Currently, both the feature extractor and model  support PyTorch. Tensorflow and JAX/FLAX are coming soon, and the API of ViTFeatureExtractor might change.

## Training data

The ViT model was pretrained on [ImageNet-21k](http://www.image-net.org/), a dataset consisting of 14 million images and 21k classes, fine-tuned on [ImageNet](http://www.image-net.org/challenges/LSVRC/2012/), a dataset consisting of 1 million images and 1k classes. 
Finally the ViT was finetuned on the [Chaoyang dataset](https://paperswithcode.com/dataset/chaoyang) at resolution 384x384, using a fixed 10% of the training set as the validation set

## Training procedure

### Preprocessing

The exact details of preprocessing of images during training/validation can be found [here](https://github.com/google-research/vision_transformer/blob/master/vit_jax/input_pipeline.py). 
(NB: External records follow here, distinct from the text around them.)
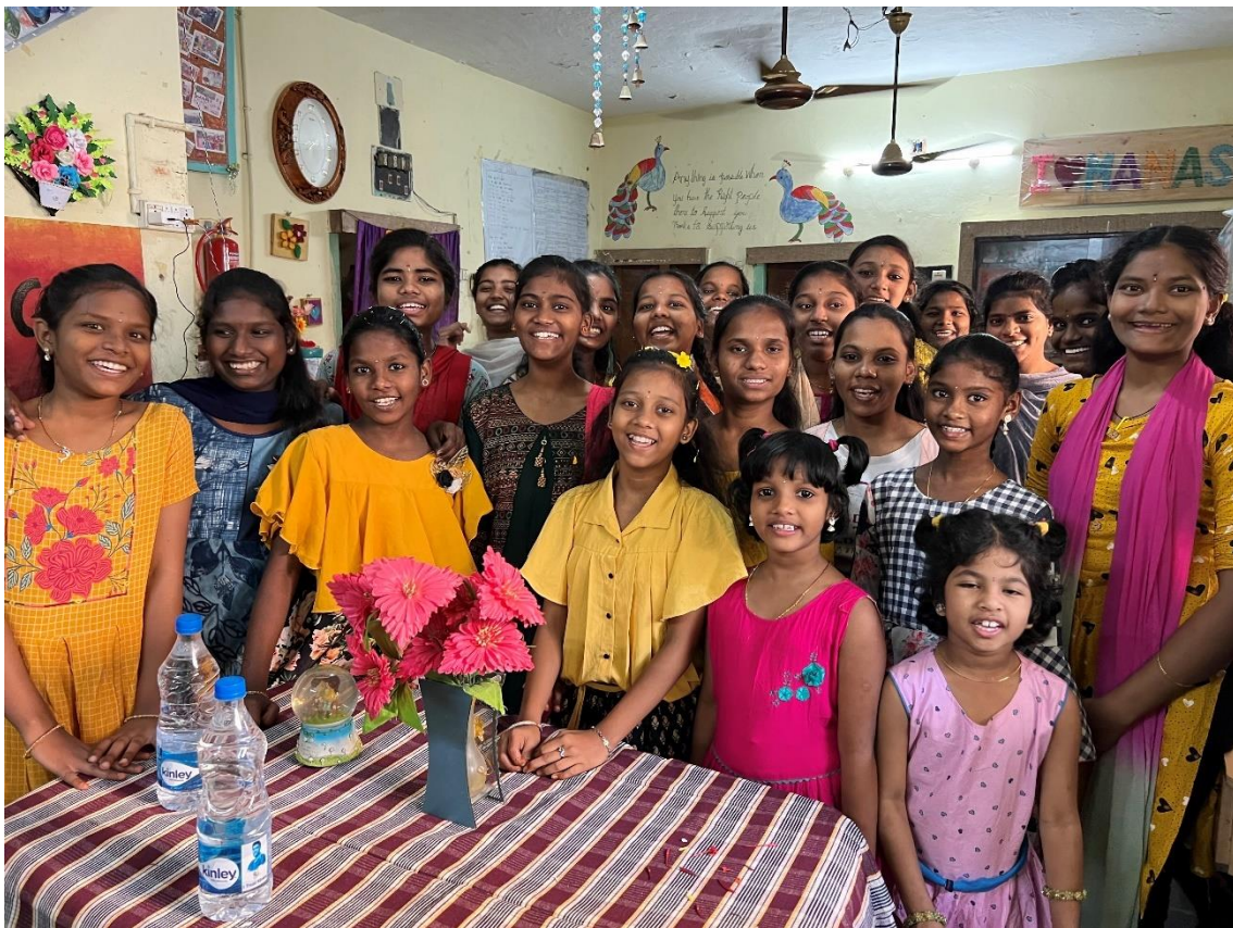
Kinderen uit MGCC
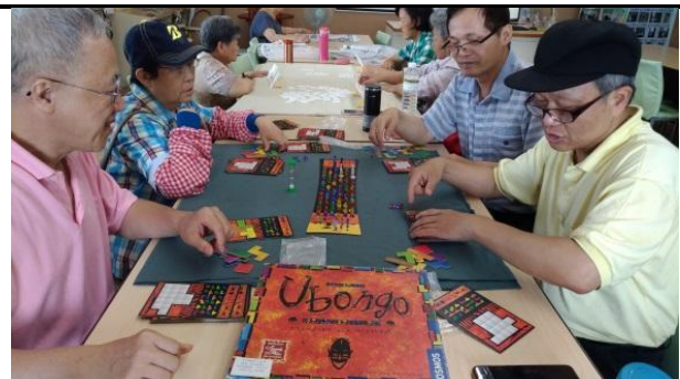
學習各種益智有趣的遊戲
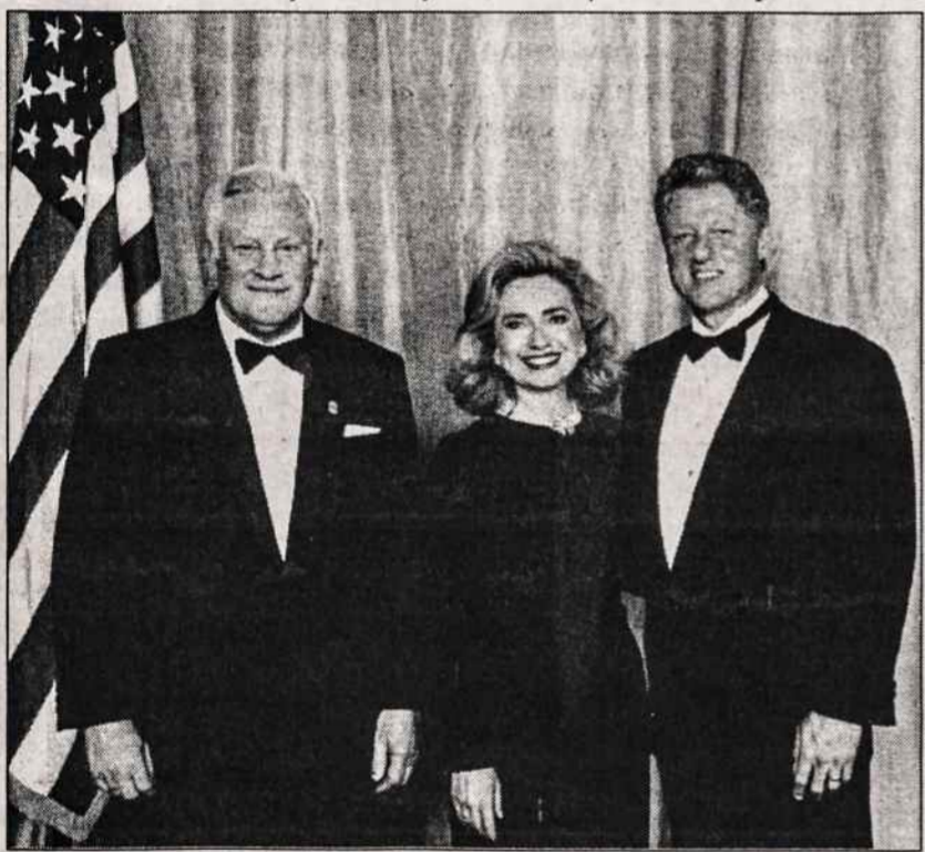
Lietuvos prezidentas Algirdas Brazauskas, JAV prezidentas Bill Clinton ir jo žmona Hillary š.m. spalio 22 dieną New Yorko viešojoje bibliotekoje, kai ten buvo surengtas priėmimas.
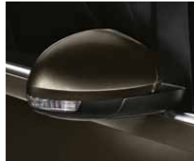
שחור חציל (0000)
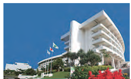
きれいに生まれ変わったコスタビスタ。10周年を迎えた。

沖縄発の世界を救う技術「EM」を体験するためにも、次回帰省した際には利用してみようと思った次第でした。
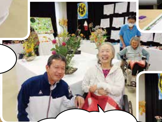
施設長とツーショット!!
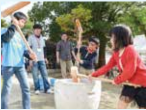
地域のイベントへの参加
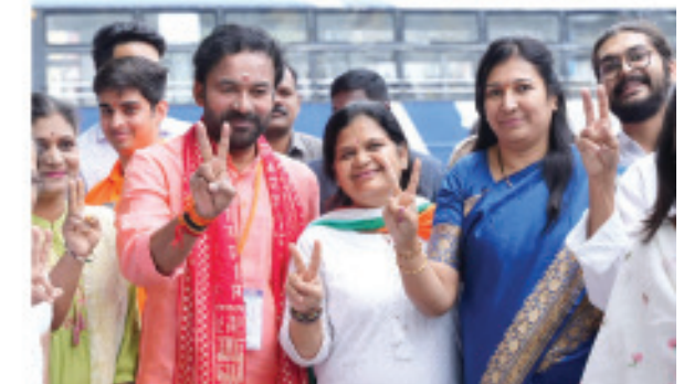
ఓటు హక్కును వినియోగించుకున్న తెలంగాణ రాష్ట్ర బీజేపీ అధ్యక్షులు కిషన్ రెడ్డి

Images are resized/rescaled to the same resolution (224x224 during pre-training, 384x384 during fine-tuning) and normalized across the RGB channels with mean (0.5, 0.5, 0.5) and standard deviation (0.5, 0.5, 0.5).

# License
This model is provided for non-commercial use only and may not be used in any research or publication without prior written consent from the author.